Not only is YOLO BS, but I believe thinking that way will keep you stuck and living so much smaller than you could be living.


As I write this I’m mid-way through a 2-week Mom-sitting gig. Carolyn Nelson, my sister’s 94 year-old mother-in-law, is my charge. She’s and has been living with my sister and her husband (Carolyn’s son, Ken) since the first of the year when it became too much for her to live on her own. 

Carolyn is a strong, independent, proud woman. And she has a mind like a steel trap. She can tell stories of her life going back 90 years like it happened yesterday. 


I envy people who can talk about their lives through stories, and not simply recite events. Her stories are vivid and entertaining and some would actually make a good movie or mini-series. And that made me think…


We don’t have only ONE life. Not in the spiritual or experiential way. We have unlimited opportunities to start anew.


Carolyn told me about her early childhood, spending her first 10 years in the Great Depression. She was born in 1928 and lived just outside of New Orleans close to a railroad track.

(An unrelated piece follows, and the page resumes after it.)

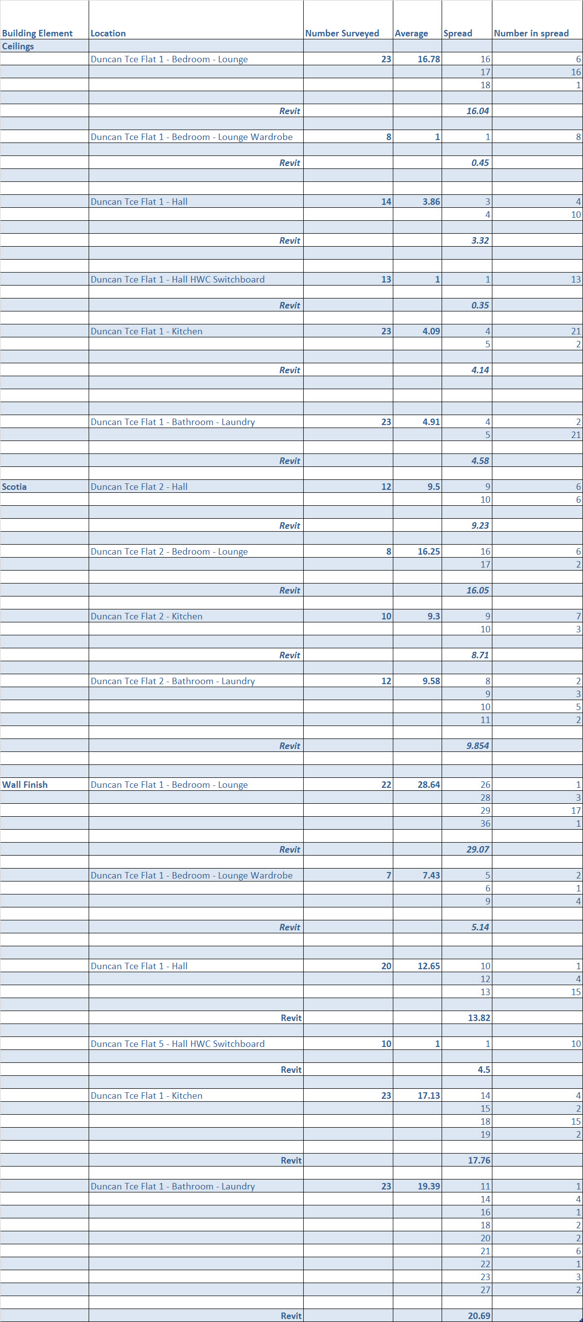 - The Revit models quantities were consistent, whereas there was variability in the surveyors information, even at the level of basic shapes of rooms with only simple elements (one door & one window) the variance was noticeable, although, when grouped together they averaged out to within a reasonable degree to the Revit quantity (Just hope the extremes are not used in quoting for work).

The Many Stories of Carolyn


She described how hungry, desperate, out-of-work men would jump on and off the rail cars near her house and that many of them would knock on her door asking for food, water, anything that could be spared. How her mother would give them what she could but no one had much and there wasn’t a lot to give. 


I heard the story about meeting her husband Ken (my sister’s husband’s father) and how they lived and worked in Wharton, Texas, had their two boys, how her husband’s work took them to North Carolina. She didn’t work in North Carolina and she told me about how she and a friend visited a lot of places, shopped, and the kind of trees that grew there. 


The stories continue, back to Austin - how she and her husband retired and bought a small trailer home south Texas - and then a larger trailer home - then selling the trailer home because they had aged beyond the point of being able to manage it all. I heard about the trips they took, the friends they met, and the moments of pain and awe experienced along the way. 

 

Each story started with an event that opened a new story, which meant that an old story had ended.

 

If I were to guess, I’d say Carolyn has lived at least 20++ various stories - and she's just started another one. Last month the sale of her house, where she's lived for over 40 years, was finalized.


Each Story is a Life of Its Own


Each story - or "life" is born of a change or event that requires a transition from the way life WAS, to the way life IS - and there is a GAP between the new and the old that had to be crossed to adjust and thrive.

 

So, I’ve come to the realization that living like “YOLO” will actually keep you from living your best life (lives). 


Why? 

 

Because it makes us see the gaps we ALL experience throughout our life, as something to run from. The gaps are NOT something to avoid and run away from. The gaps are to be recognized, respected and navigated.